05 February 2026, 7:18 PM

Plant-Based Diets Cut Health RisksNew review links diet and resilience.

That heavy, post-summer sluggish feeling can make “health” sound like another job to do.


A new review, recently published in the American Journal of Lifestyle Medicine, argues plant-based diets could cut non-communicable disease risk, reduce future pandemic threat, and lessen climate-linked health pressure, with a University of Auckland researcher leading the work.





The review was written by 19 authors across medicine, dietetics, and academia, and it frames Covid-19 as proof that reactive healthcare is expensive, while prevention is cheaper and more durable.
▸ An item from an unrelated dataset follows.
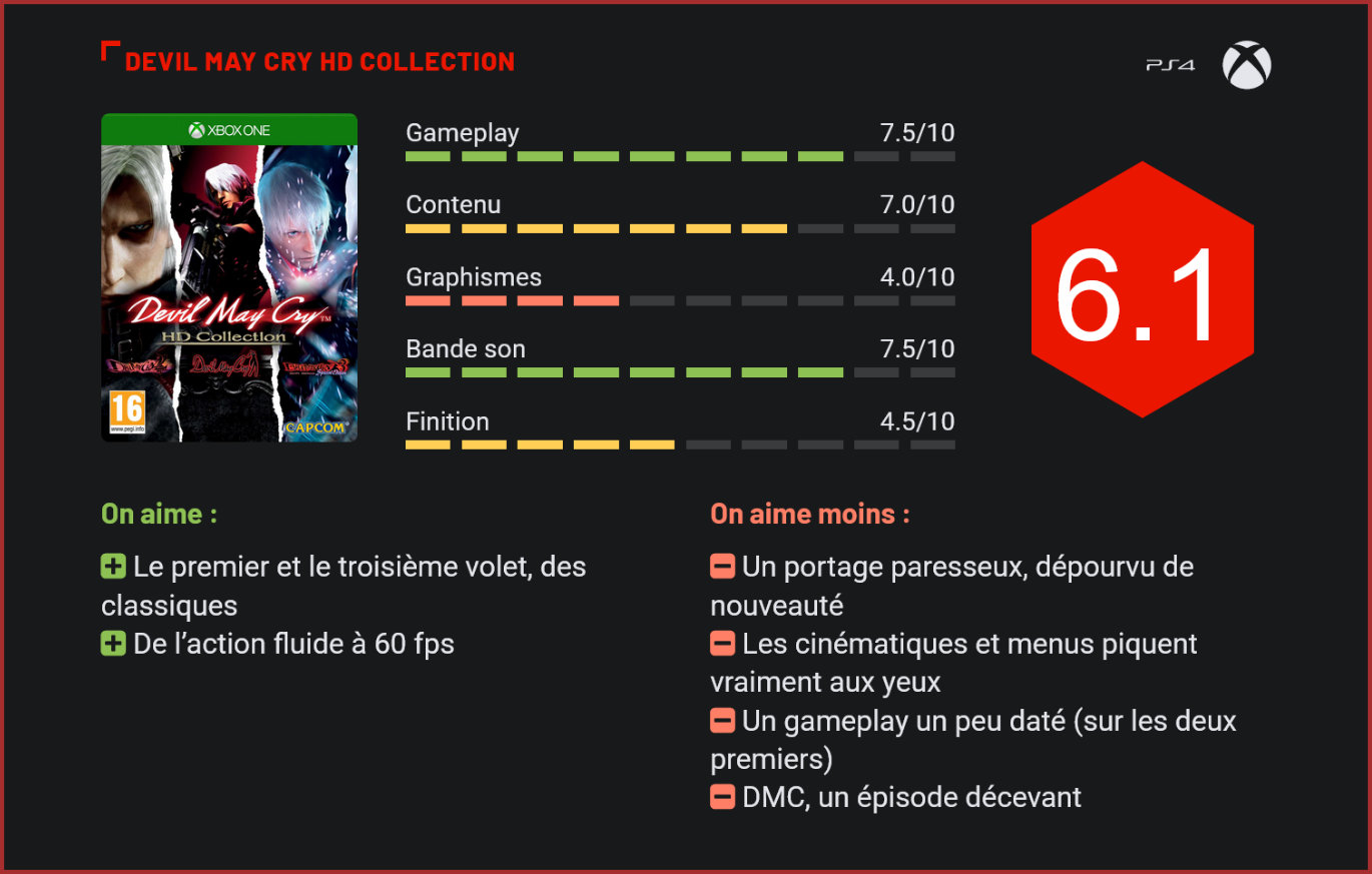 Tout comme il l’avait fait en 2012, Capcom ressort une compilation des trois premières aventures de Dante. Une collection cette fois pensée pour le PC, la Playstation 4 et la Xbox One, avec une finition HD et un affichage 1080p/60 fps. Back to basics. Pour ceux qui ignorent ce qu’est Devil May Cry, un petit récapitulatif s’impose. Il s’agit d’une série de beat’em all entamée en 2001 sur Playstation 2 mettant en scène Dante, un chasseur de démons incroyablement poseur qui gère sa petite affaire en tant que détective privé. Ce fils du légendaire Sparda, un démon qui sauva l’humanité en se retournant contre les siens il y a deux millénaires, est invité par Trish à affronter des hordes de démons et à détruire l’Underworld pour sauver une fois de plus l’humanité. Équipé d’une épée et d’une arme à feu à chaque main, Dante tranche à tout va et traverse les divers titres de la saga (quatre opus principaux et un reboot sorti en 2013) avec une classe et une désinvolture folle. Plus de fluidité en guise de nouveauté A l’image de la compilation sortie en 2012 sur PS3 et Xbox 360, ce sont ici les trois premiers épisodes qui sont proposés au joueur pour une trentaine d’euros. Un montant un chouia excessif, même pour trois classiques du genre, dans la mesure où il s’agit ici presque exactement de la même collection sortie à l’époque. Seule et unique nouveauté : le passage au 1080p/60 fps. Les jeux gagnent ainsi en fluidité et promettent une bonne dose d’action sans saccades sur console current gen. Et c’est tout ! Capcom s’est en effet reposé sur ses lauriers et, outre le fait qu’il n’ait ajouté aucun bonus, il n’a pas non plus corrigé les défauts déjà présents à l’époque. Ainsi, cette HD Collection affiche des menus et des cinématiques en 4:3 identiques à ceux de l’époque, qui font bien pâle figure sur un écran UHD. Attention aux yeux, ça pique ! Les menus sont illisibles, et les cut scenes et sous-titres sont d’époque, c’est-à-dire ultra pixelisés. In game, les textures n’ont pas non plus été retravaillées et restent floues, surtout lorsque l’on passe à des angles de vue plus rapprochés. Toujours de grands classiques du beat’em all Seuls les joueurs voulant (re)découvrir les origines de la saga sur leur console actuelle seront peut-être attiré par cette compilation qui comporte tout de même un mètre-étalon du beat’em all et un excellent titre d’action au gameplay nerveux et varié. Sorti en 2001 sur Playstation 2, le premier Devil May Cry pose les bases de la série tout en étant un petit classique du beat’em all à l’ambiance gothique marquée et aux divers éléments inspirés de l’univers de Resident Evil (le jeu devait être à l’origine le quatrième épisode chronologique de la série). Si le second volet sorti en 2003 est tout à fait dispensable, étant aussi terne et vide qu’un puit sans fond face aux deux autres jeux, le troisième opus est, quant à lui, un pur moment d’action spectaculaire. Son gameplay nerveux et varié (grâce au système des styles) en faisait un excellent beat’em all en 2005 et c’est toujours le cas aujourd’hui. Son gameplay n’a pas pris trop de rides et ses boss spectaculaires donneront du fil à retordre aux plus aguerris. Par contre le système de ciblage et le gameplay des deux premiers jeux ont eux pris du plomb dans l’aile et paraissent aujourd’hui un peu désuet, tout comme les angles de caméra fixes imposés, hérités des premiers Resident Evil. Conclusion Presque rien n’a changé depuis la sortie de cette compilation en 2012. Outre l’apport du 1080p/60fps qui apportent une belle fluidité, ce portage est identique et les cinématiques de l’époque sont toujours en basse résolution. Aucun ajout n’a été effectué et l’on se demande bien pourquoi Capcom a décidé de ressortir cette collection en l’état, sans (presque) rien retoucher. Reste la qualité intrinsèque des jeux (surtout le premier et le troisième volet), qui demeurent des classiques du beat them all.

Lead author Dr Komathi Kolandai says modifiable lifestyle factors matter because managing fallout after disease arrives can be hugely costly, and she notes most Covid diet research is observational, so it cannot prove cause and effect.


Beyond Covid, the review points to established evidence linking plant-based eating patterns with lower risk of heart disease, type 2 diabetes, obesity, chronic kidney disease, and some cancers.


It also cites modelling work suggesting large-scale dietary shifts could save billions in healthcare costs and add more than a million quality adjusted life years globally.


Dr Komathi Kolandai. Photo: Supplied


The authors connect diet to spillover risk, pointing to intensive livestock production, wildlife trade, and high demand for animal protein as drivers of zoonotic disease.


They argue reducing reliance on animal-based foods could reduce the chance of new pathogens crossing into humans, which is more effective than trying to contain outbreaks later.


They also link animal-based foods to more than half of global food-related greenhouse gas emissions, and say plant-forward shifts could cut agricultural emissions substantially, easing climate-related harms like heat stress, respiratory illness, vector-borne disease, and mental health strain.


The review flags practical barriers too, limited nutrition training for clinicians, inconsistent definitions of “plant-based” in research, and unequal access to affordable, culturally familiar plant-based foods.


For Hibiscus Coast families, the useful idea is modest, realistic shifts supported by access and good advice, so it feels like a workable default rather than a one-off reset.